Containerisation for HPC

What is containerisation, and why is it amazing?

A container is a standard unit of software that packages up entire scientific workflows. This includes the operating system (ubunut, centos ect.) software (python, R ect.), dependencies (pandas, numpy, ggplot, dplyr ect.), your code and even the data so that your analysis runs quickly and reliably on any computer system. Singularity is a container software specifically for use in a HPC environments. Containerising your scientific workflow has several major benefits: portability, scalability and reproducibility.
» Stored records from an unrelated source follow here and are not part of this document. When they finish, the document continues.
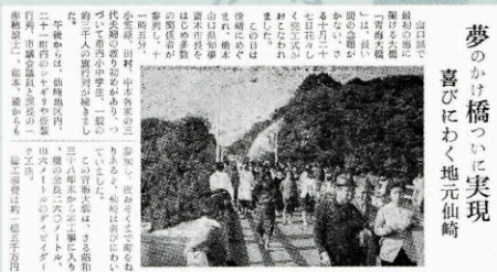
▲ 青海大橋開通 (224号・昭和40年11月9日)
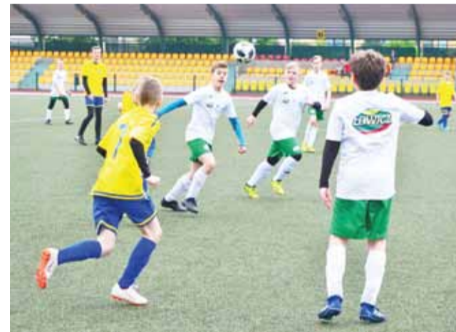
Pelikan 2006 II podczas meczu z Unią Skierniewice.
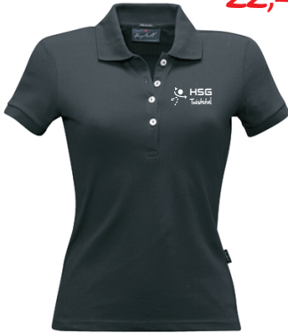
HAKRO- Woman-Polo „stretch“ Stretch-Piqué aus 94 % Baumwolle 6% Elasthan (190 g/qm)
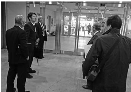
会館から地下通路でつながる「アウガ」

全国を先導した中心市街地活性化の光と影を象徴する青森市の状況を県連の専務理事らは熱心に視察していた。
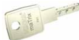
Prodloužená hlava klíče, možnost zákaznické ražby

Kaba nepřijímá žádnou záruku za provedení klíče. Za dodržení kvalitativních kritérií firmy Kaba odpovídá výrobce klíčů. Kaba však poskytuje k dispozici všeobecná doporučení pro patřičné použití strojů Silca Matrix.
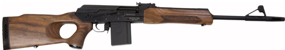
Рисунок 1 - Карабин охотничий самозарядный модели «ВЕПРЬ-308»

Карабин охотничий самозарядный модели «ВЕПРЬ-308» калибра .308 Win под охотничьи патроны 7,62x51 модернизированные и .308 Win (7,62x51) предназначен для добычи объектов животного мира, отнесенных к объектам охоты, в рамках Постановления Правительства РФ № 18 от 10.01.09 г. в районах с умеренным и холодным климатом при температуре окружающей среды от минус 50 до плюс 50°С.
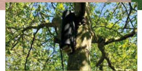
vleermuiskast op Weijerplein

Eerder in dit artikel hadden we het al over het flora- en faunaonderzoek. Dat is een verplicht onderzoek. Nu lijkt er qua flora en fauna weinig te gebeuren op zo'n plein, maar dat is toch meer dan we denken. Waar we in elk geval rekening mee moeten houden is dat er in de bomen op het plein vleermuizen kunnen huizen. In het najaar krijgen we de resultaten van het onderzoek.
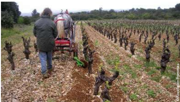
Une écurie en commun pour répondre à des créneaux de niche

Et si l'innovation pouvait radicalement passer par la traction animale ? Cela peut paraître déroutant, mais pas tant que ça. En effet, en France, certains secteurs géographiques, de par leur relief, leur labélisation ou leurs cahiers des charges, doivent y avoir recours. Ainsi à Grasse dans les Alpes-Maritimes, des marques de luxe exigent qu'on récolte les plantes à la main, sans mécanisation de type tracteur et outils, afin de préserver entièrement la culture et les feuilles. La traction animale en cuma peut donc s'envisager afin de combler des exigences particulières. Acheter des chevaux, ou autre animal en commun, permettrait de partager les frais de nourriture, d'eau, de vétérinaire et de travailler les parcelles, en général de petites surfaces (1 à 5 ha). Pour ainsi éviter d'acheter son propre animal, de l'héberger obligatoirement à la ferme et de le nourrir soi-même. ■
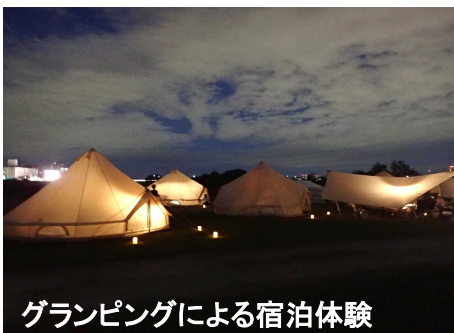
グランピングによる宿泊体験
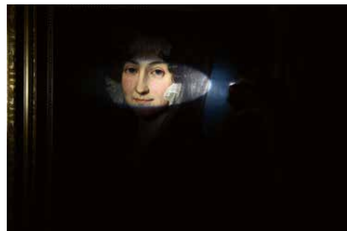
Franz Xaver Winterhalter, »Damenporträt«, 1827
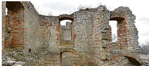
Zřícenina gotického hradu Děvičky

Ok, so why is that relevant to scientific computing in a HPC cluster? Say you have a workflow on your computer and you want to move it to the HPC. If a software, or the correct versions of software are not avaliable, you can ask the administrator to load it into the HPC cluster. However, sometimes packages cannot be installed, or are very nasty to install on a HPC cluster. A better solution is to build a container that has everything needed to run your analysis. This has the added advantage of being portable and reproducable on different HPC’s across institutions. For example you or a colleague may want to run your workflow on a larger HPC, all they need is your singularity container and they can run the same analysis and get the same output. Containerising your workflow also provides greater transparency and scientific reproducibility. We have all looked at the methods section in a research paper and though ok, I understand in theory what you have done, but how did you actually do it. The researcher than provide you with their containerised workflow and you will be able to look at the code, run the code and see exactly how the analysis was performed.

Singularity is a containerisation software specific for HPC environments, for a detailed analysis of the benefits singularity has for scientific computing, have a look at this paper.
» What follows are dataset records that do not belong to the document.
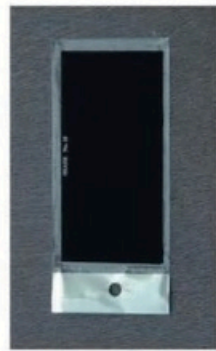
XL-1001 电焊护目镜片 Size: 105 x 50mm 105 x 50mm 110 x 50mm 毛净重 外箱尺寸 G.WIN.W(kg) MEAS(cm) 30/27kg 42 x 35 x 30cm(木箱) 17/16kg 38 x 25 x 13cm(纸箱) 400pcs 1000pcs 1000pcs
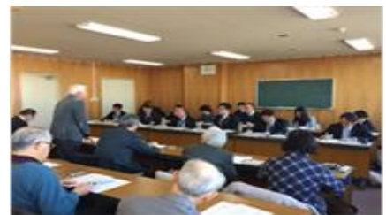
↑ 昨年12月に実施された懇談会

上記の6分野の要望事項について事前に文書回答を求め、それにもとづき担当部課との懇談を申し入れました。本年度は、①国保・後期高齢者医療、②介護保険、③生保、子ども医療費、障がい者施策の3回に分けて懇談を予定しています。介護保険の改善に関する懇談では、介護事業所へのアンケートを実施したさい、市との懇談会に参加を希望した事業所にも参加を呼び掛ける予定です。
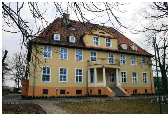
Pałac, ob. Dom Dziecka w Bodzewie
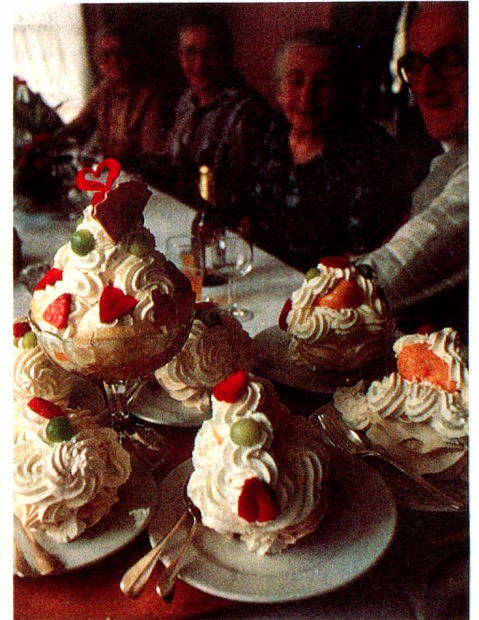
Postre clásico del Emmental

ejemplo el monumento a Tell en Altdorf, pero, al mirar más detenidamente, se nota que la atmósfera patriótica está sensiblemente perturbada por la presencia irrespetuosa, en primer plano, de alguien que esquite carozos de cerezas. La siguiente «combinación» es todavía más provocativa: un joven soldado en traje de

Containerising my scientific workflow with singularity

To containerise your workflow you will need to build or pull an image that contains the software and packages you require to run your scientific workflow. You will then need to update your PBS scheduler script to run the container on a HPC. Before going further, lets define containers and images. An image packs up the software, the code and data into a single environment that will run, and a container is a running instance of the image.
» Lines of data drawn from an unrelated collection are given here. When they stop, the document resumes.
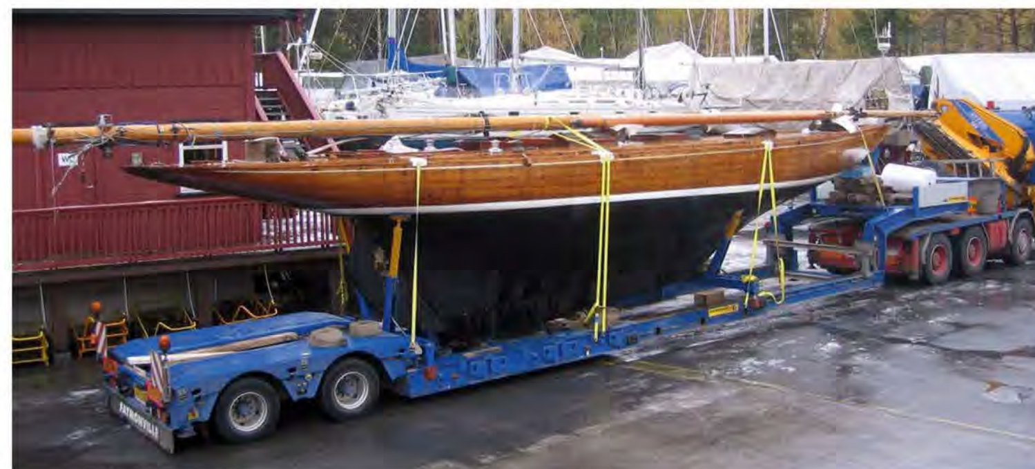
Яхта готова к спуску на воду, 2015 г.
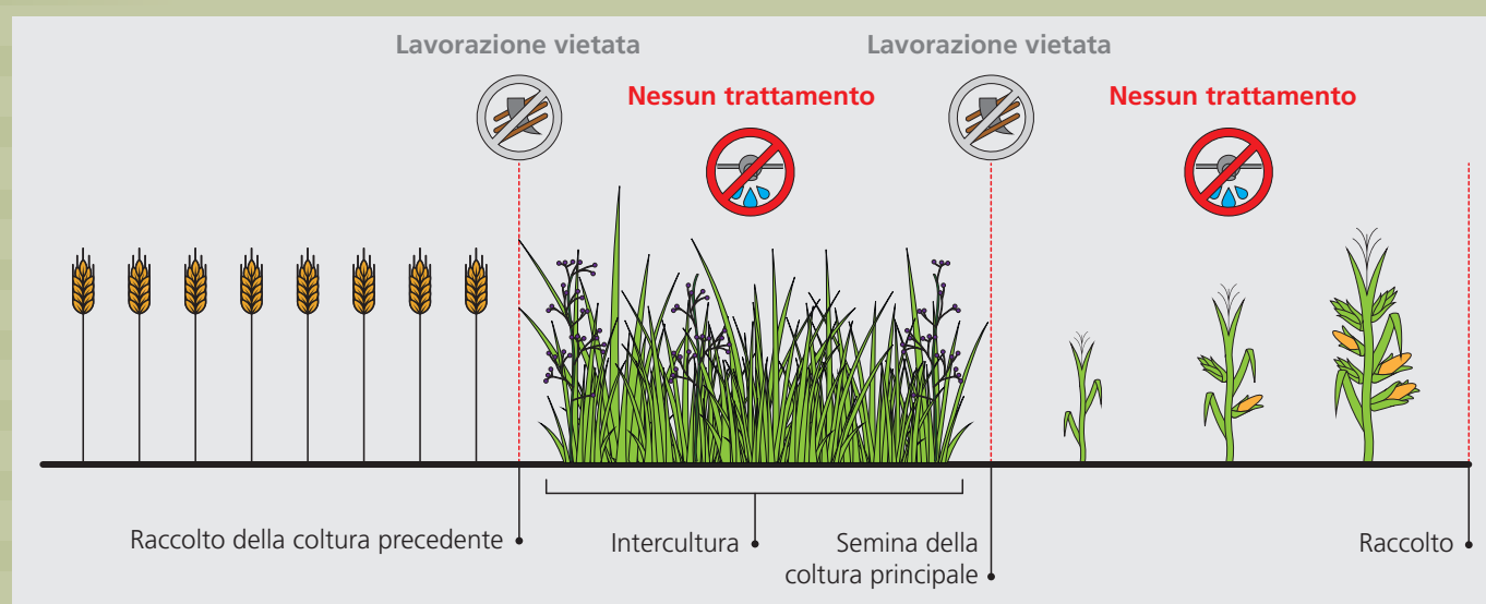
Schema 2 : Nell'ambito delle tecniche colturali senza lavorazione, periodo di riferimento per la rinuncia agli erbicidi
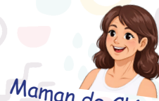
Maman de Clémentine
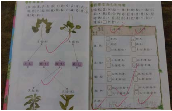
說明：自然課認識植物
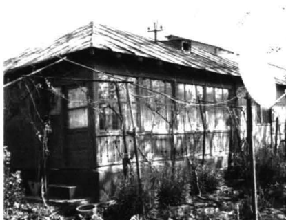
Chirnogeni - Case

There are two different ways that you can containerise your workflow using singularity images for HPC’s. The first is using a linux operating system (OS) to build, pull, or interact with a singularity image file (a file ending in .sif). We will use a linux OS in this tutorial. The second is using docker, a containerisation software used extensively in information technology. Docker can be used to build, or pull a docker image and then convert it to a singularity image. The beauty of docker it that it can be used on windows and mac OS’s. Examples of using docker have been included for later reference, although we will not get into docker in the tutorial.

Singularity images avaliable on Griffith’s HPC

Before building or pulling images have a look on the Griffith HPC as there are a number of singularity images already avaliable. You will need to log into the HPC and navigate to the directory where singularity images are stored. The fiels that end in .sif are the latest singularity images, files that end in .simg are the older style of singularity images, and .img are docker images, they need to get converted to .sif.

[s1234567@gc-prd-hpclogin1 ~]$ cd /sw/Containers/singularity/images
[s1234567@gc-prd-hpclogin1 images]$ ls
centos7.img           installNotes.txt                 singularity-firefox_latest.sif  Ubuntu2.img                   xbeach_latest.sif
chrome_latest.sif     MitoZ.simg                       swan_latest.sif                 ubuntu.img
delft3d4_latest.sif   nanodock.sif                     test-image_latest.sif           ubuntu-writable-yade.simg
delft3dfm_latest.sif  openEMS-ubuntu-16.04.img         ubuntu-16.04.4-10GB.img         ubuntu-yade.simg
delft3d_latest.sif    openfoam7-paraview56_latest.sif  ubuntu2-conda-tensorflow.img    wflow_latest.sif

Using a Linux distribution to build, pull or interact with a singularity image

Using the following method, you can use singularity directly to build, pull and interact/update singularity images. First you will need to setup the linux distribution on your computer. You will need to install a linux distribution on a bootable usb or install a virtual machine to run a linux distribution. There are pro’s and con’s to each methods, you should do some research to decide which suits your needs. If you decide to use a bootable usb, instructions are found for windows and for mac If you would prefer to install a virtual machine, virtual box is a good option.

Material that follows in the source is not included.